··· DATA SECTION ···

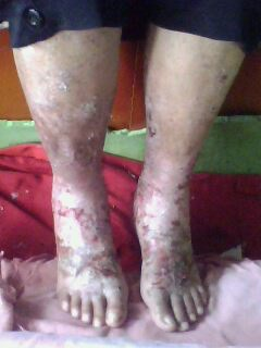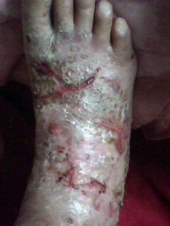 ![]() | ![]() | 在她最艰难的时候没有留下照片,因为当时她的肚子大的非常吓人,好象一碰就要爆炸了,那时,谁也没想到她真的能走过来。她凭着这样的脚每天照样走在救人的路上。 |
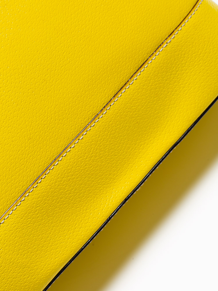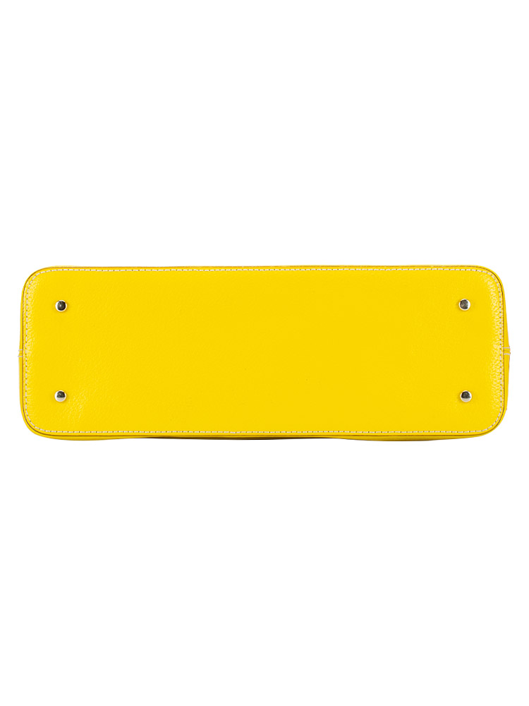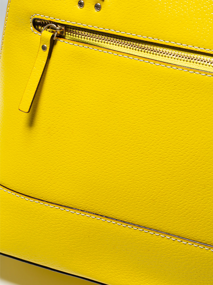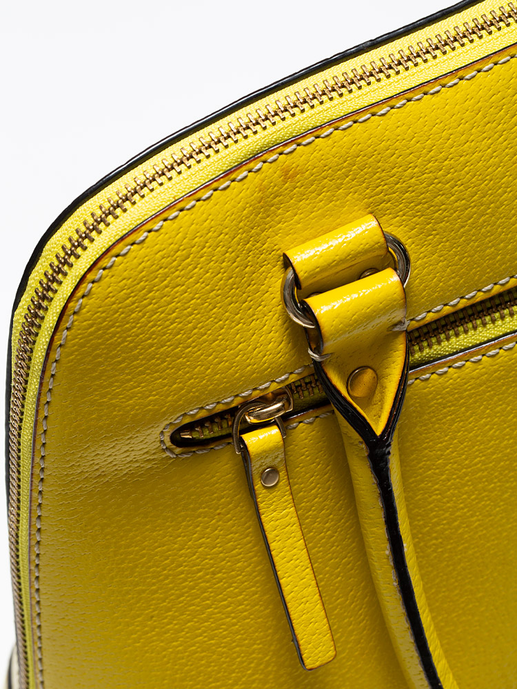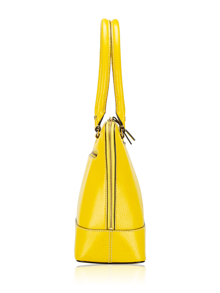 Made of Calfskin leather. The bag features a zip closure that opens to polyester lining with two slip pockets, one zip pocket, exterior one zip pocket at back, double handles drop 23 cm.
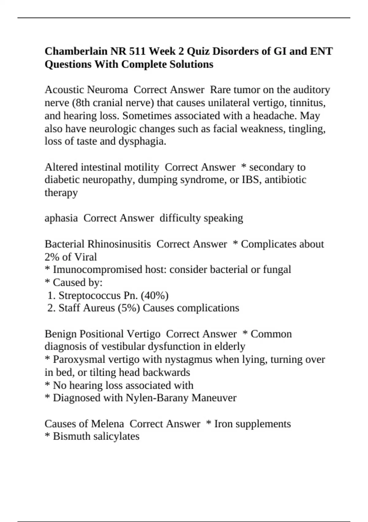 Acoustic Neuroma Correct Answer Rare tumor on the auditory
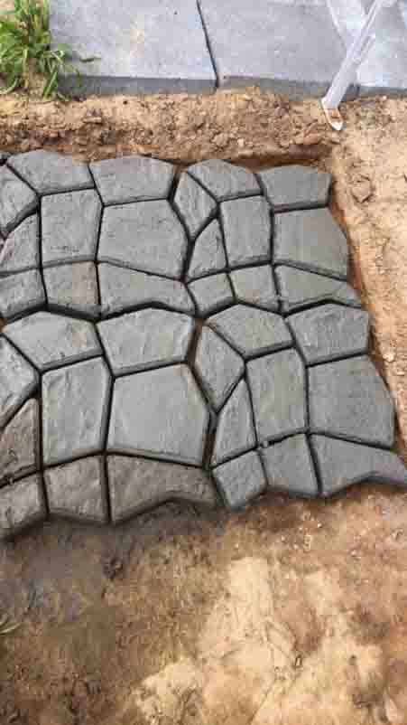 I love this stone walkway mold. It is so simple to use. Each side has either an “out” or “in” pattern. Simply match your next section so it interlocks.

···

TO DO>
Please copy exactly the lines from the one that contains "Made of Calfskin" through the last line of the listing above, leaving out the pictures.

COMPLETED EXERCISE>
 Made of Calfskin leather. The bag features a zip closure that opens to polyester lining with two slip pockets, one zip pocket, exterior one zip pocket at back, double handles drop 23 cm.
 Acoustic Neuroma Correct Answer Rare tumor on the auditory
 I love this stone walkway mold. It is so simple to use. Each side has either an “out” or “in” pattern. Simply match your next section so it interlocks.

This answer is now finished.